**PROBLEM REQUIREMENTS**
An exact copy of the data is required. No picture may appear in it.

**RECORDED DATA**
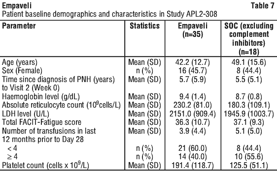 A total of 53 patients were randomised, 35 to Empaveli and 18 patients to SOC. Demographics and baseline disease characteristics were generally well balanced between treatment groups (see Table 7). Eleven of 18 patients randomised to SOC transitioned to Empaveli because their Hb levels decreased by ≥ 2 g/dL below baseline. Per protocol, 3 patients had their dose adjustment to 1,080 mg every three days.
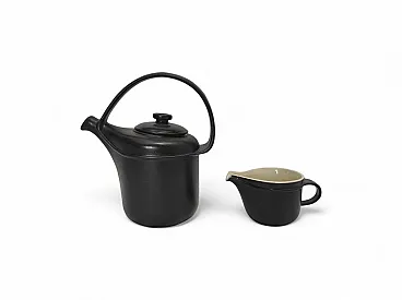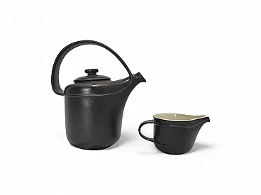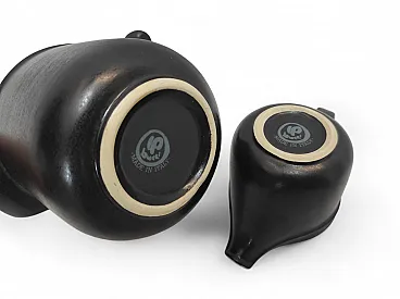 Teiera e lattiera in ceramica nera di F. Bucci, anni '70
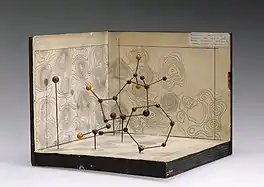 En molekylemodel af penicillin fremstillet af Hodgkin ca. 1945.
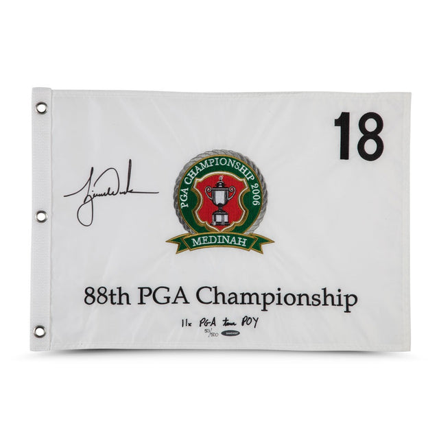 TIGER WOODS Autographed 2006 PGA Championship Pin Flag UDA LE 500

**EXERCISE RESPONSE**
 A total of 53 patients were randomised, 35 to Empaveli and 18 patients to SOC. Demographics and baseline disease characteristics were generally well balanced between treatment groups (see Table 7). Eleven of 18 patients randomised to SOC transitioned to Empaveli because their Hb levels decreased by ≥ 2 g/dL below baseline. Per protocol, 3 patients had their dose adjustment to 1,080 mg every three days.
 Teiera e lattiera in ceramica nera di F. Bucci, anni '70
 En molekylemodel af penicillin fremstillet af Hodgkin ca. 1945.
 TIGER WOODS Autographed 2006 PGA Championship Pin Flag UDA LE 500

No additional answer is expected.